Many years passed and now, in the third decade of the 21st century, some F-35s have arrived in Australia. We are now getting a total of 72 and the rest are supposed to arrive in the next couple of years. War with China might start in the same timeframe.

When we acquired the Hornets, 50 of the RAAF Mirage IIIs they were replacing were sold to Pakistan. Some of these are still flying in the Pakistani Air Force over 50 years since they were built in the Government Aircraft Factory at Fisherman’s Bend in Melbourne.

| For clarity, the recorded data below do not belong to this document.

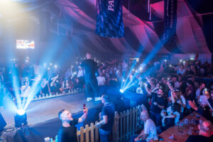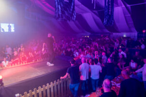 Festa e divertimento sotto l’enorme tendostruttura (30×60 metri, 1800mq con un’altezza interna di circa 10 metri), ma anche aree esterne attrezzate e pensate per accogliere posti in piedi e spazi per i più piccoli con un baby park che ha lavorato a pieno ritmo, facendo divertire i bambini al quale si è aggiunta un’apprezzata area giostre in collaborazione con Matherland. Gli organizzatori hanno inoltre previsto un servizio navetta da Alghero e da Sassari che ha permesso a tanti di raggiungere l’anfiteatro “I. Graziani” senza dover prendere l’auto.
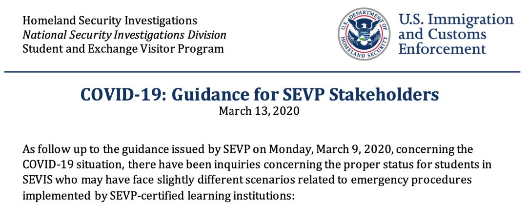 根据SEVP于2020年3月9日星期一发布的有关在COVID-19的情况下,有人询问过以下情况:SEVIS可能面对与紧急程序有关的稍微不同的情况由SEVP认证的学习机构实施。
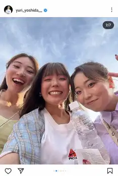 吉田優利 ミニスカ私服姿で世界水泳満喫「自分のパワーに変えたい」渋沢莉絵留、後藤未有と3ショット
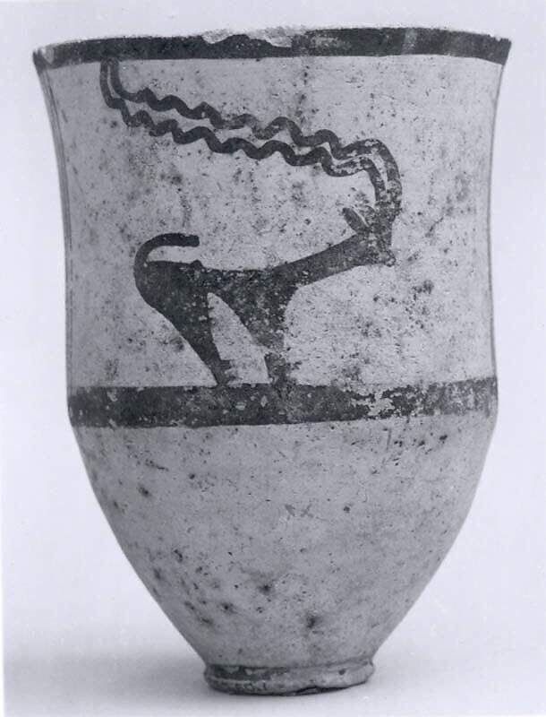 This beaker has a narrow, flat base, straight sides, and an everted rim. It is made of buff clay, with painted brown decorations. These decorations feature a horned animal with a stylized body, a long neck, a curled tail, and undulating horns that extend to the rim. Wheel lines on the interior indicate that it was made on a potter’s wheel.
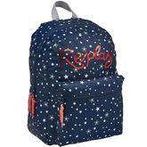 Tu vas pouvoir glisser tes cahiers et ta trousse sans problème dans ce sac à dos bleu à étoiles Replay.
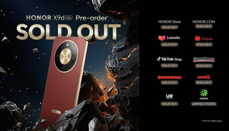 Siri HONOR X9 meneruskan mendominasi segmen telefon pintar kelas pertengahan Malaysia, dengan HONOR X9d 5G yang baru dilancarkan kini habis terjual di semua platform sebelum tempoh prapesanan berakhir pada 9 Oktober ini. Pencapaian luar biasa ini telah mengatasi rekod jualan prapesanan HONOR X9c 5G bagi tempoh sama, seterusnya mengukuhkan lagi kedudukan X9d 5G sebagai telefon pintar Pilihan Utama Malaysia di dalam kategorinya. Walaupun peranti ini tidak lagi tersedia untuk prapesanan di saluran standard, ianya masih boleh didapati di Maxis, namun stok adalah terhad.
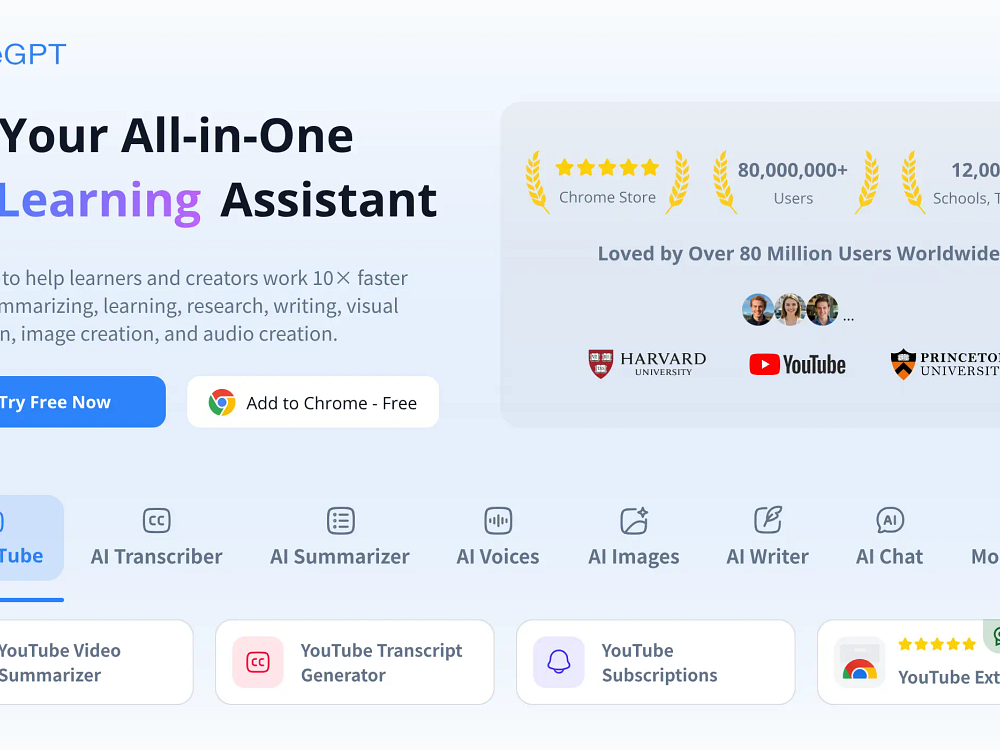 NoteGPT is an AI learning assistant for students, educators, professionals, and creators. It converts YouTube videos, lectures, meetings, and PDFs into concise notes and summaries, generates flashcards, and lets you chat with models like ChatGPT, Claude, Gemini, and DeepSeek. Use transcription, PDF translation, and writing helpers to research and draft faster. You can create podcasts with text-to-speech and voice cloning, and design or edit images for slides and visuals. It is available on web and Chrome with strong privacy safeguards.
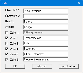 GGU-TRIAXIAL: Menüeintrag "Texte"
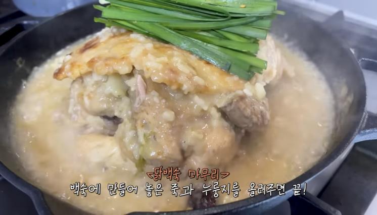5. 죽과 누룽지를 백숙에 올리고 그 위에 부추까지 올리면 완성!
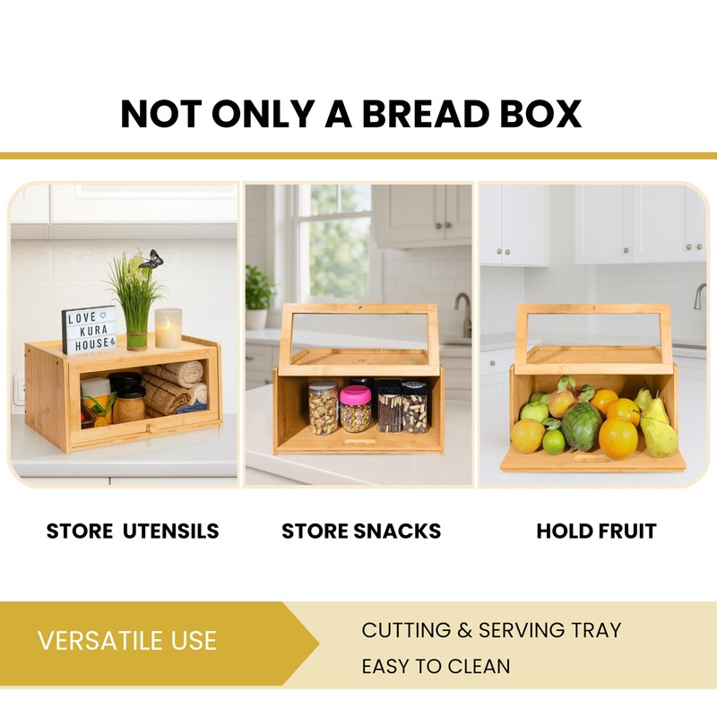 KuraHouse Bamboo Bread Box for Homemade Loaves – Large Countertop Bread Storage Container Farmhouse with Sliding Tray, Window Bread Holder
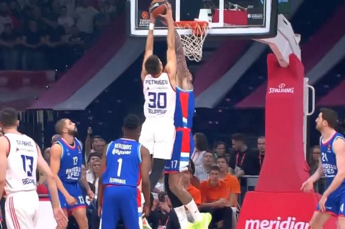 Στο τρίτο λεπτό της αναμέτρησης του Ερυθρού Αστέρα με την Αναντολού Εφές στο Βελιγράδι, ο Φίλιπ Πετρούσεβ επιχείρησε να δοκιμάσει πόστερ κάρφωμα μπροστά στον Βενσάν Πουαριέ. Ο Γάλλος ύψωσε τα χέρια και τον “κατέβασε” με εμφατικό μπλοκ.
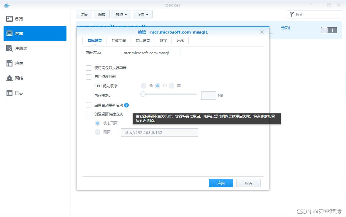 双击这个映像,会弹出创建容器界面,我们要给容器取一个名字,然后点击高级设置,在常规页面勾选“启用自动重新启动”,因为这样,重启系统后,不用手动开启mssql服务。

We used to have good bombers -– the F-111s also acquired during the 1960s. In 2011 these were declared obsolete, and buried in a pit near Ipswich. The chief of the RAAF at the time, and thus responsible for the wanton destruction of our F-111s, was a loon by the name of Geoff Brown. Last year he and another retired RAAF grinning loon, Leo Davies, stated that Australia needed a long-range strike capability. Well we had one until they buried it in a pit near Ipswich.

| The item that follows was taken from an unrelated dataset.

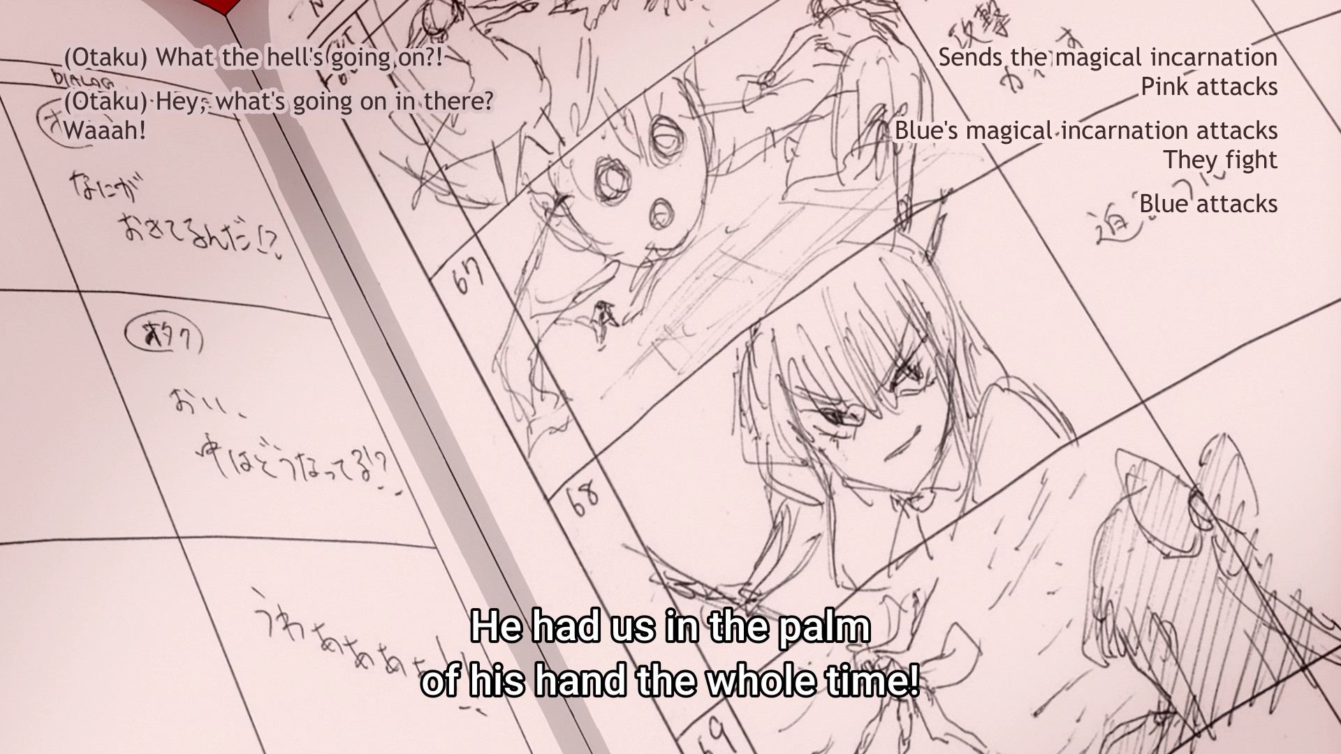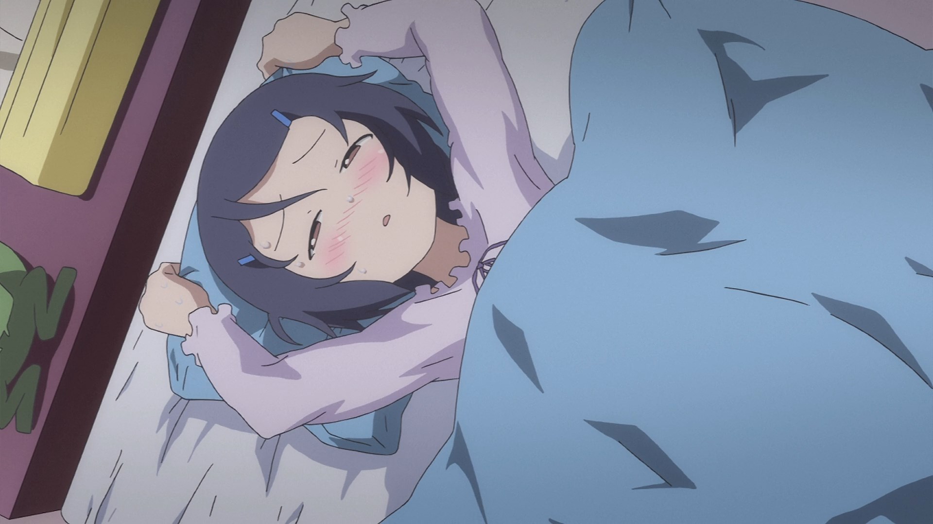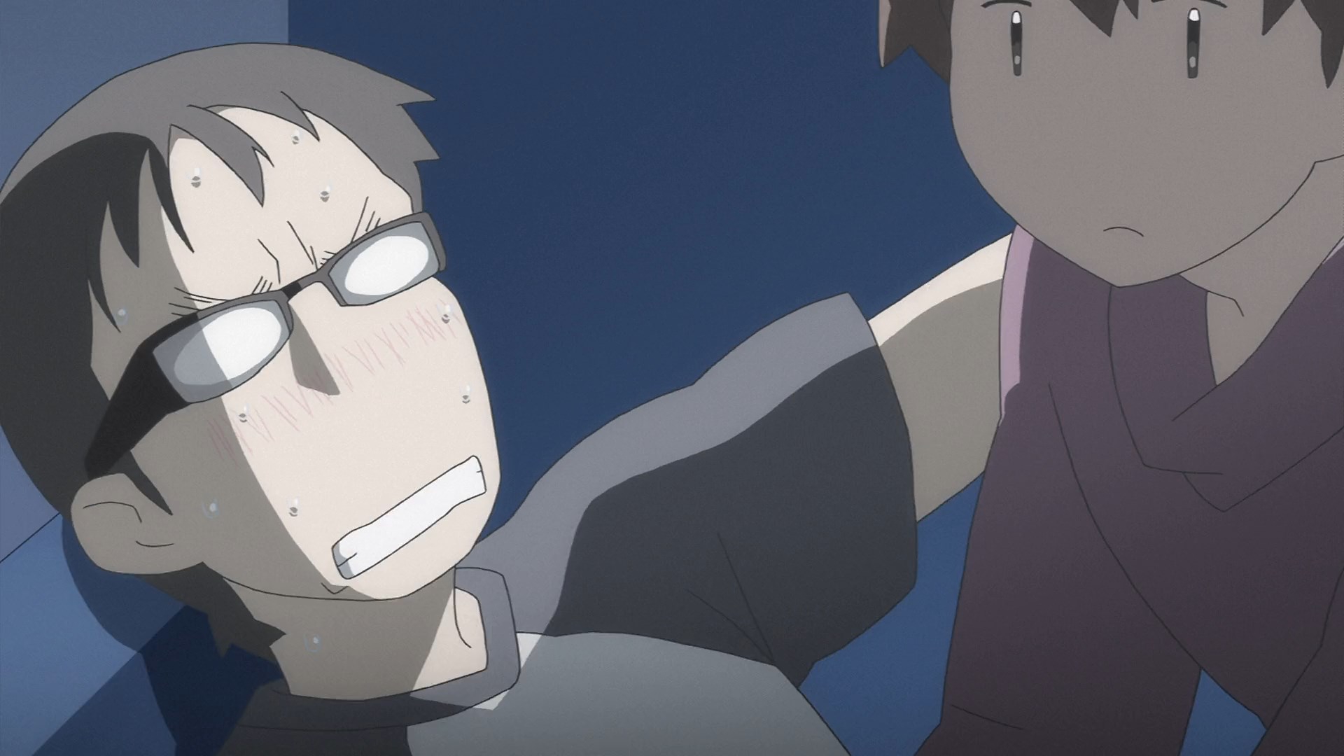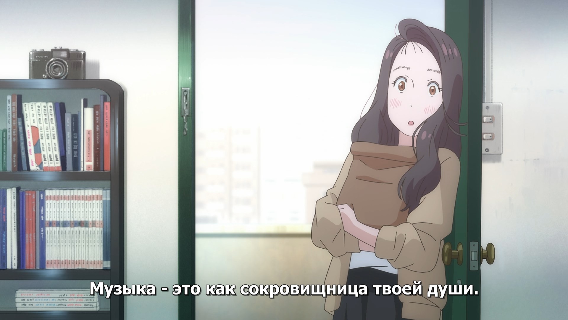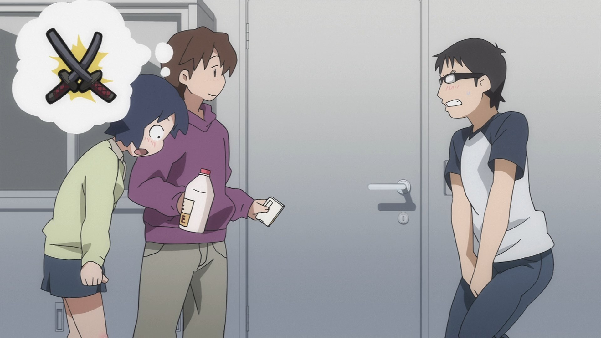 Пиздец, они сидели вдвоём на лестнице и говорили, и тут у этой пизды начинается приход, она видит свою любимую химечан и начинает плакать и с ней разговаривать. Я бы на месте гяру встал и ушёл бы, просто нахуй надо каких-то ебанашек успокаивать. Вот реально, это же до чего нужно было дойти, чтобы юри-тайтл исключительно бугурт и негатив вызывал. Но у этого мультика получилось.

History keeps repeating itself and repeating itself. With the F-35s due to arrive but yet to arrive, the RAAF has sold 25 Hornets plus spares to Canada for $95 million, or $3.8 million each. News comes that the current crop of loons running the RAAF have sold the rest of our Hornets to a bloke in Illinois.

This Man Owns The World’s Most Advanced Private Air Force After Buying 46 F/A-18 Hornets

If Mr Kirlin is paying the same per aircraft as the Canadians, then that is 46 aircraft for $175 million. From the article:

Although the terms of the deal have not been disclosed, the purchase does include all of the RAAF’s F/A-18 spare parts inventory and test equipment, valued at over a billion dollars alone, according to Kirlin.

So he is getting more than US$1,000 million worth of spares too. And:

As for the condition of the surplus Hornet fleet, Kirlin says they are in incredible shape and show little signs of corrosion — likely a result of their often hot and dry operating environment down under as opposed to the salty conditions aboard aircraft carriers that U.S. Navy Hornets have had to endure.

10 of the fighters have had their center barrel sections replaced — a critical structural upgrade that is necessary once Hornets hit a certain level of fatigue — but the rest of the fleet shouldn’t need them. Kirlin says that since the aircraft have never trapped (landed) aboard or launched off a carrier, which causes extreme stress on the airframes, they should be able to operate continuously through 2035 and possibly even beyond.”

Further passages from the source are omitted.